Please login first
Predicting Proteasome Inhibition using Atomic Weighted Vector and Machine Learning
* 1, 2 , 3 , 3 , 3 , 4 , 5
1  Unidad de Toxicología Experimental, Universidad de Ciencias Médicas de Villa Clara, Santa Clara, Villa Clara, Cuba. CP: 50200, Cuba
2  Bioinformatic Research in Systems & Computer Engineering, Carleton University, Ottawa, Canada
3  Department of Computer Sciences, Faculty of Informatics, Camaguey University, Camaguey City, 74650, Camaguey Cuba
4  Departamento de Química, Universidade Federal de Lavras, CP 3037, 37200-000, Lavras, MG, Brazil
5  Institut Universitari de Ciència Molecular, Universitat de València, Edifici d'Instituts de Paterna, P. O. Box 22085, 46071 Valencia, Spain


Ubiquitin/Proteasome System (UPS) is a highly regulated mechanism of intracellular protein degradation and turnover. Through the concerted actions of a series of enzymes, proteins are marked for proteasomal degradation by being linked to the polypeptide co-factor, ubiquitin.
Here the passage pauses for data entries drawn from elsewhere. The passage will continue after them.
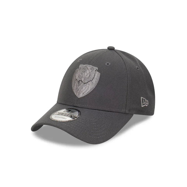 The Richmond Tigers Graphite Grey 9FORTY Cloth Strap features a raised embroidered logo on the Front of a Dark Grey Crown. Additional features include a New Era Flag Logo on the left side.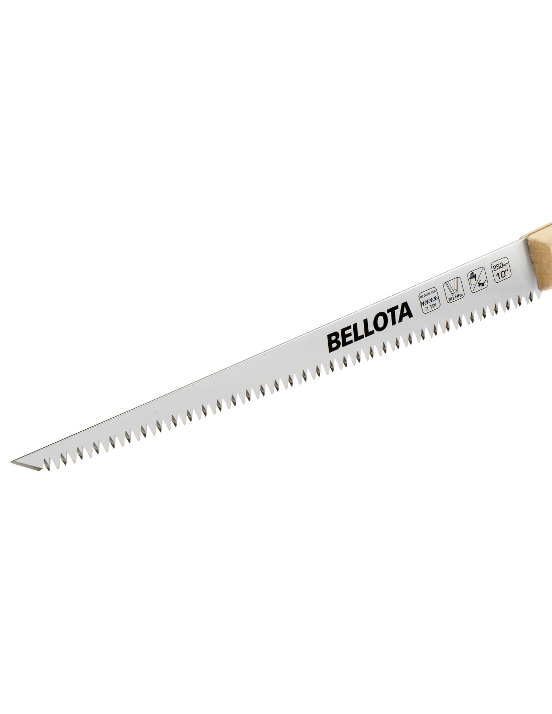Serrucho de punta profesional con dentado japonés de triple filo (7 TPI), con doble tratamiento térmico, para un mayor rendimiento y máxima duración. Mango de madera de haya con certificado PEFC.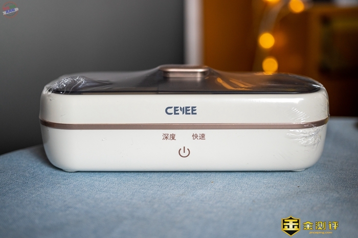 这款超声波清洗机的设计很简约,是长方体的,内部有足够的空间,放眼镜完全没问题。在边缘部分是曲面设计,细节做得不错,没有什么瑕疵。机身正面是希亦的LOGO,控制操作的位置在机身下方,包含开关机、深度和快速清洁,用的是触摸按键设计,非常方便。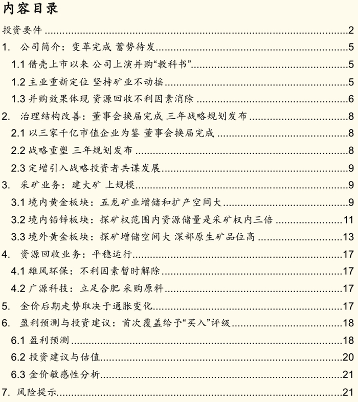 董事会换届完成,三年发展战略公布:自2012年借壳以来,公司本着外延式扩张战略实现了收入和利润的增长。2019年董事长变更为曾执掌三家千亿市值企业的王建华,依托其在黄金行业的经验,公司将主业定位于以黄金采矿为主。在双业务模式下,资源回收业务平稳运行,增长源于采矿业务。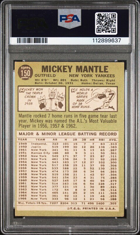 A 1967 Topps Mickey Mantle Baseball Card No. 150 (PSA 3 VG)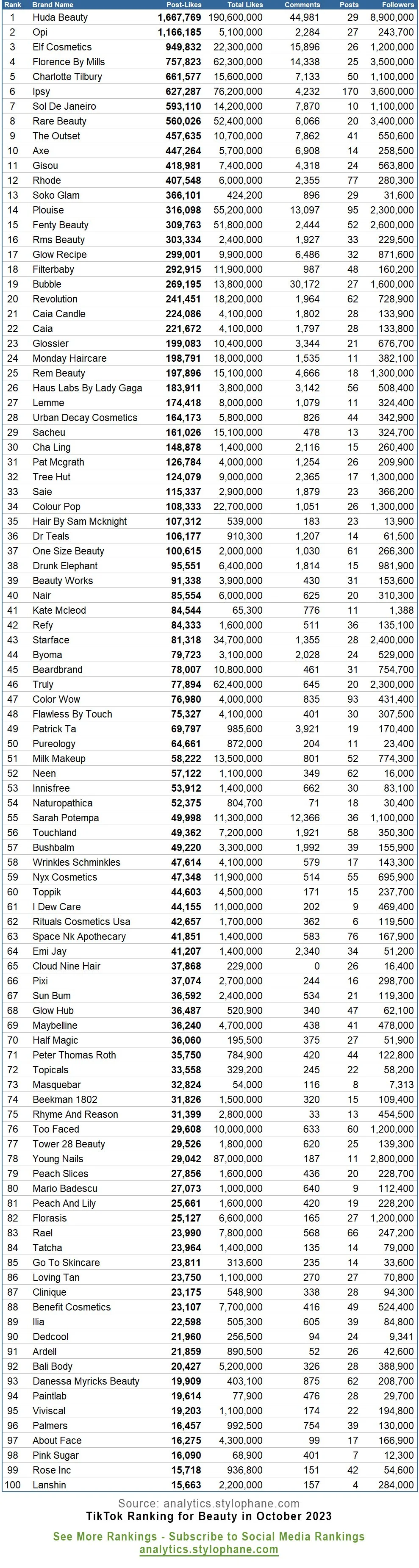 Beauty Top 100 - TikTok Most Engaged Brands - Oct 2023

The UPS participates in a wide array of biological functions such as antigen presentation, regulation of gene transcription and the cell cycle, and activation of NF-κB. Some researchers have applied QSAR method and machine learning in the study of proteasome inhibition (EC50(µmol/L)), such as: the analysis of proteasome inhibition prediction, in the prediction of multi-target inhibitors of UPP and in the prediction of protein contact map. Following this idea, we applied the new tool for obtaining molecular descriptor for modeling of proteasome Inhibition EC50 (µmol/L), in which has used this novel molecular descriptors (MDs) and different classification algorithms for these quantitative structure-activity relationship (QSAR) studies. In the present research, we use the Atomic Weighted Vector (AWV) as attributes with the objective to develop the QSAR modeling of this datasets and also compare a set of different machine learning (ML) techniques to solve this problem, such as: Linear Regression (LR), Multiple linear regression (MLR), Decision tree(DT), Regression Tree(RT), Random Forest(RF), M5P, K-nearest neighbors (IBK or kNN), Multi-Layer perceptron (MLP), Best-first search (BF) and Genetic Algorithm (GA). The figure shows the results of R2 of the ML-QSAR using ten- folds cross validation for 258 compounds. The results indicate that AWVs are very important tool for modeling the proteasome inhibitory regardless of the ML algorithm used. It can be suggested that the MD-AWV are suitable for codifying important structural information of the molecules and, thus, constitute an interesting alternative to building effective models for the prediction of the values of EC50 (µmol/L).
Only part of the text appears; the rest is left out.